Valentime’s Day

Valentine’s Day is tomorrow, and I have been trying (and failing) to write something fun and witty for the past like 5 hours. Well I give up. I don’t know what to say on the matter.  So here’s all the random crap I thought up while trying to write about Valentine’s Day.

  •  It’s almost Valentine’s Day so get ready to bust out the chocolate, put on your favorite Boyz II Men CD, and snuggle up with your significant other. Or conversely if you happen to find yourself alone, bust out the chocolate, put on your favorite Boyz II Men CD, and jealously read through your friends’ Facebook profiles until you eventually cry yourself to sleep.
“This is why no one likes you Sharon”
  • It’s funny, I find that single people have a stronger reaction to Valentine’s Day then people who have social lives. The people I know who are actually in relationships seem to be pretty meh about the whole affair, while it’s the lonely people who are constantly bitching about Valentine’s Day. And I get it, no one likes being constantly reminded of their failure to find a suitable mate, but come one just get over it.
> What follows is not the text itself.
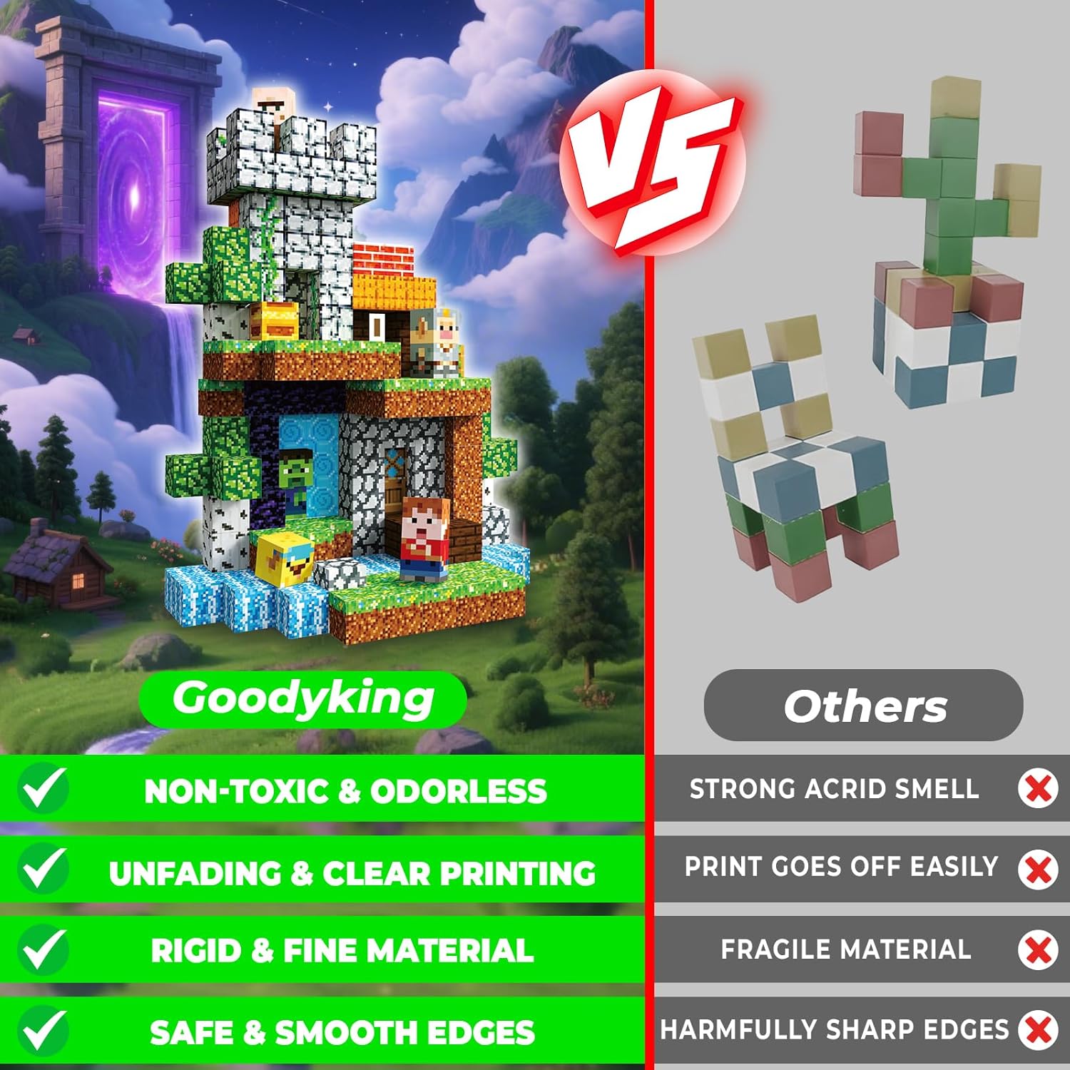 Goody King 200 Pcs Magnetic Blocks Set, STEM Sensory Magnet Toys for Kids Age 3+, Montessori Learning Toy Building Set for Toddlers, Magnetic Cubes Construction Kit Birthday Gift for Boys Girls Kids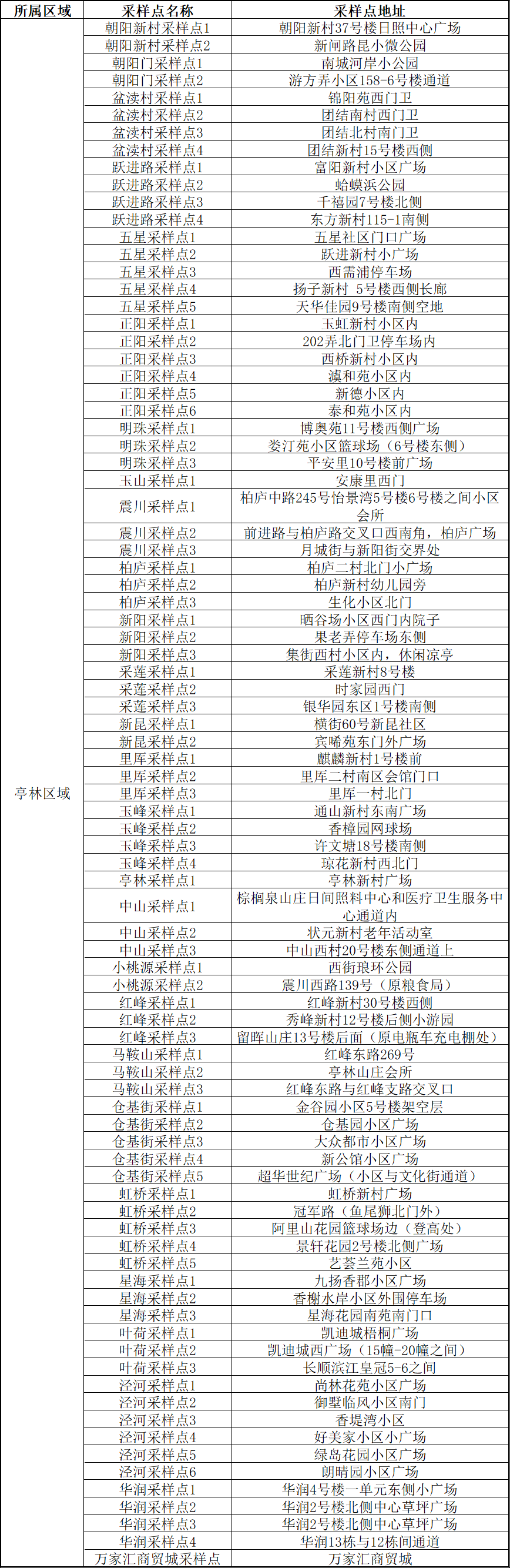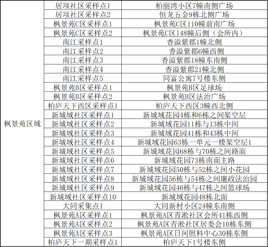 核酸检测采样点位明细

We all know Kirsten Dunst did
  • The worst part of Valentine’s Day is running into those couples who are like way too into each other. The ones who seem to enjoy beating you over the head with their mutual attraction.
STOP THAT, STOP THAT RIGHT NOW!
  • Thank god I’m not in high school anymore. In high school there was so much pressure to find a girlfriend and do this and that and who are you going to ask to prom, and everybody else is making out and I have to eat my lunch all alone in the corner. Ok, I may have embellished that last bit, but you get the point, it’s embarrassing being the only one who’s not eating their lunch off of somebody else’s face. Dammit I did it again.
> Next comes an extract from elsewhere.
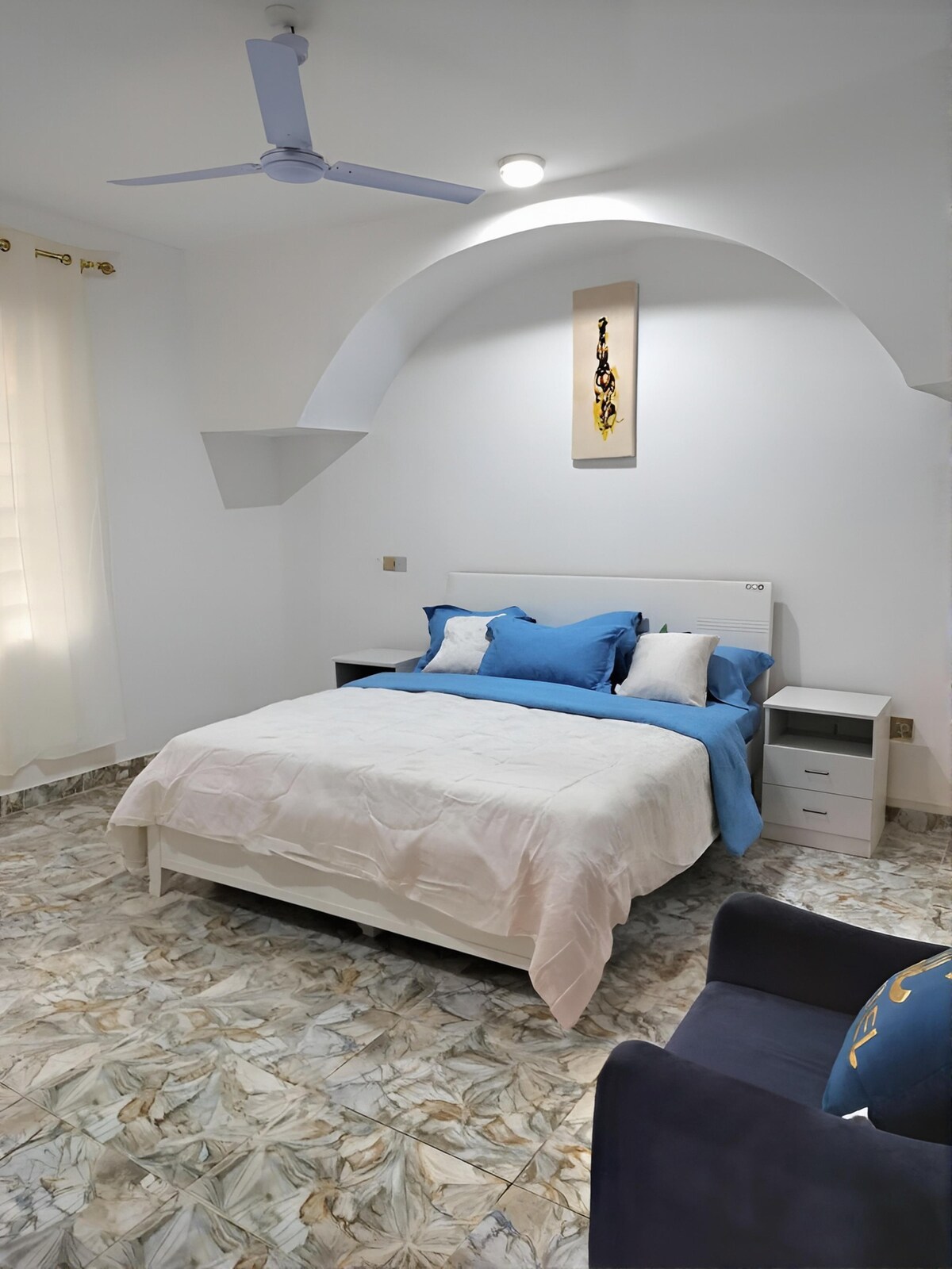 Relájate en este sereno y elegante apartamento de un dormitorio con cocina de planta abierta y sala de estar. Ofrece todo lo necesario para una estancia cómoda y proporciona una escapada tranquila desde el centro de Accra. A solo tres minutos en coche del City-Escape Hotel y a cinco minutos de la playa de Prampram, es perfecto para trabajar a distancia o para una escapada con tu pareja o amigos. Este espacioso apartamento independiente está totalmente amueblado con los últimos electrodomésticos y servicios.

“Why is internet blogging so hard?!”
  • The nice thing about Georgia Tech is there’s not really anyone slapping you in the face with the usual Valentine’s Day hohocus. Being surrounded by people who are even nerdier and more socially awkward then you is a real confidence booster. It’s like our school motto always says: “Georgia Tech- Forever Alone”.
It's not like there's any sex to be had anyways
It’s not like there’s any sex to be had anyways
  • The best time for Valentine’s Day has to be Elementary School. Back then you didn’t have to ask anyone out, you didn’t have to try to impress anyone, and at the end you got candy. No disappoint, no soul-crushing loneliness, just me and a bag full of chocolate.
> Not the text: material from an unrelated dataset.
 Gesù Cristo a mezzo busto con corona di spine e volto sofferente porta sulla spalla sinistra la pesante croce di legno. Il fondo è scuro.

“Yeah, Valentine’s Day, whatever, do you have anymore chocolate?”
  • You’re probably wondering what I will be doing for Valentine’s Day. Uh, not much. I don’t know if you’ve noticed, but I’m single so… yeah. I probably will use the holiday as an excuse to eat my 72 oz bag of chocolate chips though (or at least what’s left of it) and listen to a bunch of Huey Lewis and the News.
Imagine this same picture, but with like half of the it missing.

Yup, that’s all I got. If you were expecting some grand soliloquy on the nature of love, sorry maybe next year, and also really? When did you get the impression that I was a master of poetry. I mean I’ve written my fair share of love no- I’m going to stop talking now. Have a fun and festive Valentine’s Day or Singles’ Awareness Day, or whatever you want to call it.